Zakaz handlu w niedzielę ma coraz więcej przeciwników. Jak pisze "Rzeczpospolita", przybywa osób, które chciałyby powrotu niedziel handlowych. Mimo to nad handlowcami i ich klientami wisi groźba zaostrzenia obecnych przepisów.
Jak wynika z badania ARC Rynek i Opinia, które opisuje "Rz", powrotu zakupów w niedzielę, choć w różnych wariantach, chce połowa badanych Polaków. Z kolei 36 proc. respondentów jest przeciwnych, a 14 proc. nie ma zdania w tej sprawie.
Zakaz handlu w niedzielę - badanie
Dla jednej czwartej badanych optymalny będzie wariant zakładający, że każda niedziela będzie handlowa. Taki sam wynik uzyskała odpowiedź - dwie niedziele w miesiącu wystarczą. Dla 16 proc. badanych wystarczająca będzie jedna niedziela handlowa w miesiącu. Z drugiej strony, jedna piąta respondentów jako optymalny wariant wskazała "niedziele bez zakupów".
- Co czwarty Polak chciałby, aby dwie niedziele w miesiącu były handlowe.
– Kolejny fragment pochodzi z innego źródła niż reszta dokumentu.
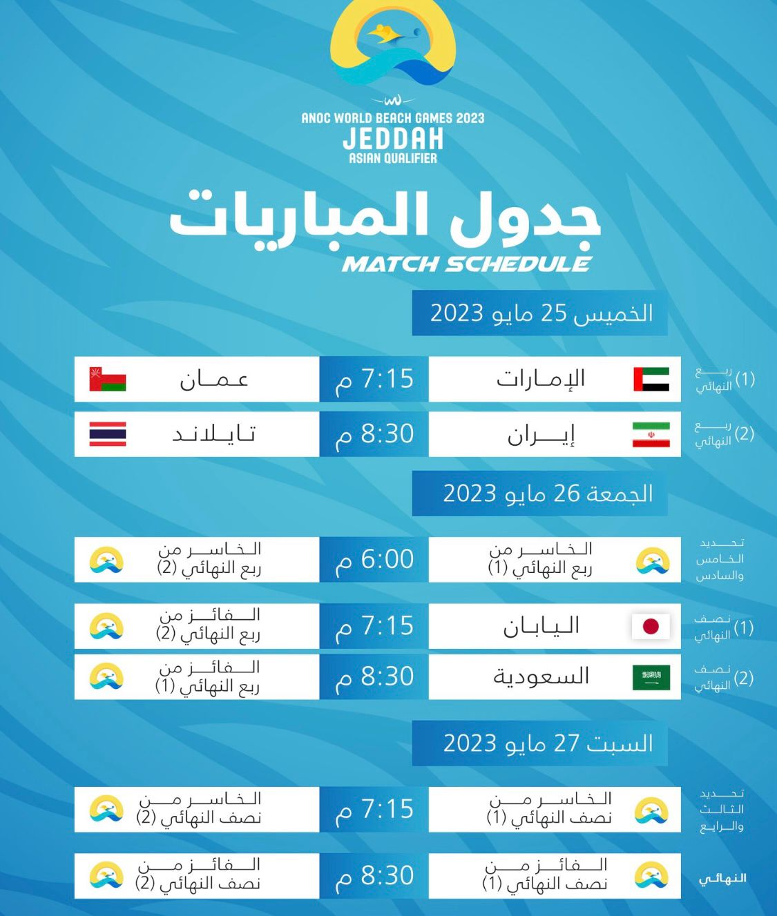 تنطلق غدًا الخميس، بطولة أنوك الشاطئية والتي يستضيفها الاتحاد السعودي لكرة القدم وتحتضنها مدينة جدة خلال الفترة من 25-27 مايو الجاري بمشاركة 6 منتخبات هي عمان، الإمارات، إيران، تايلاند، اليابان بالإضافة إلى المنتخب الوطني.
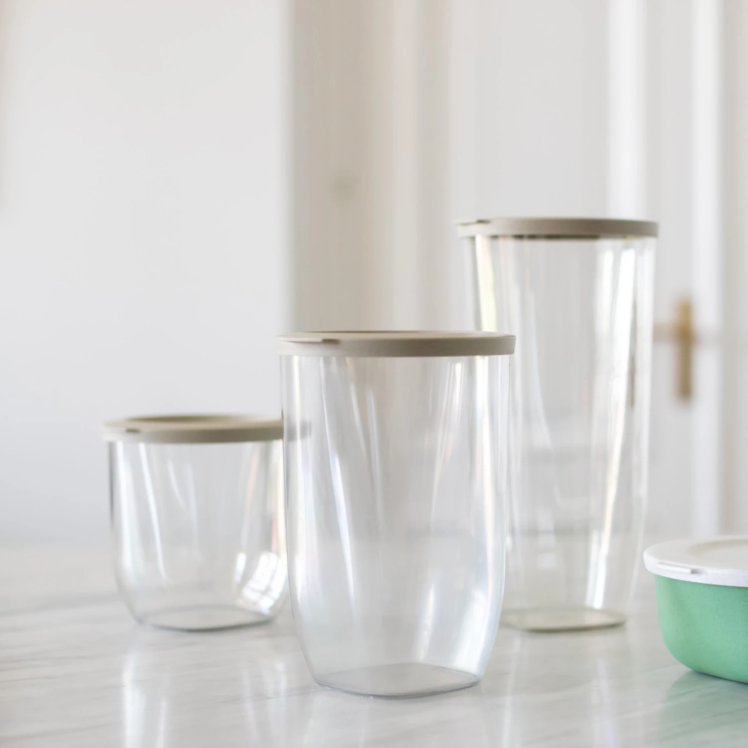 Von Mehl, Zucker und Nudeln über Cornflakes und Nüsse, CONNECT DRY STORAGE hat für alles Platz, was luftdicht und aromaschonend aufbewahrt werden soll. Die Dosen kommen in hochtransparentem Material, so sieht man gleich, was drinnen ist und muss nicht lange suchen. Die farbigen Deckel helfen zusätzlich bei der Unterscheidung. CONNECT DRY STORAGE ist in drei Größen erhältlich, alle Dosen sind stapelbar und miteinander kombinierbar. •luftdicht•mit Sichtfenster•stapelbar •Füllmenge: 1000 ml•3 kombinierbare Größen•100% CO2-neutral KOZIOL THERMOPLASTIC
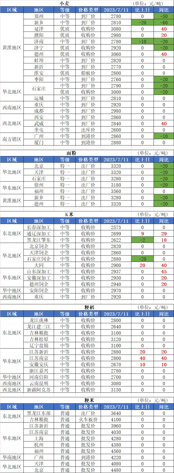 1、7月11日小麥價(jià)格漲跌互現(xiàn),變化幅度0.5-1.0分/斤,主產(chǎn)區(qū)制粉企業(yè)收購價(jià)格范圍在1.37-1.48元/斤。
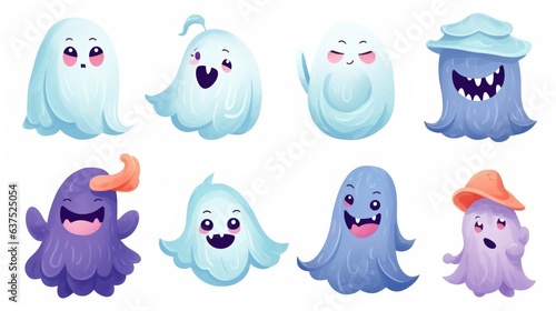 Halloween set of cute cartoon ghosts, illustration isolated on white background
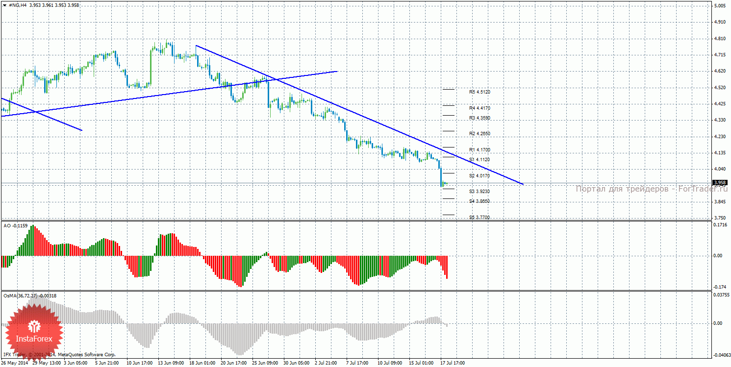 Анализ природного газа за 18 июля показывает, что цена продолжает нисходящее движение и закрепилась ниже уровня поддержки S2. На данный момент актуально нисходящее движение с целями уровни поддержки S3 –3,9230 и S4 – 3,8650, если цена останется ниже уровня 4,0170. Целями для начала нового витка восходящей коррекции выступают уровни 4,0170 и 4,1120, если цена отскочит от уровня 3,9230. Построена нисходящая линия тренда, которая оказывает поддержку торгующим на понижение и делает актуальными ордера на продажу. Индикатор Awesome показывает локальное нисходящее движение, последний закрытый бар окрашен в красный цвет. OsMA также развернулся вниз, что сигнализирует о нисходящем движении цены на газ и в более долгосрочной перспективе. Отскок цены от уровня 3,9230 может спровоцировать начало восходящей коррекции.

Takie rozwiązanie wydaje się optymalne. Konsumenci rozumieją, że zakaz handlu w niedzielę to gwarancja dla pracowników sklepów choćby jednego dnia wolnego – mówi w rozmowie z gazetą Adam Czarnecki z ARC Rynek i Opinia. - Dostrzegają też negatywne strony. Zamknięte w niedzielę sklepy to ograniczenie możliwości dodatkowej pracy zarobkowej, na przykład dla studentów – dodaje. Na taką odpowiedź wskazało 34 proc. respondentów. Dla jednej czwartej badanych efektem ustawy jest także wzrost liczby likwidacji sklepów, a dla 28 proc. - problemy dla firm.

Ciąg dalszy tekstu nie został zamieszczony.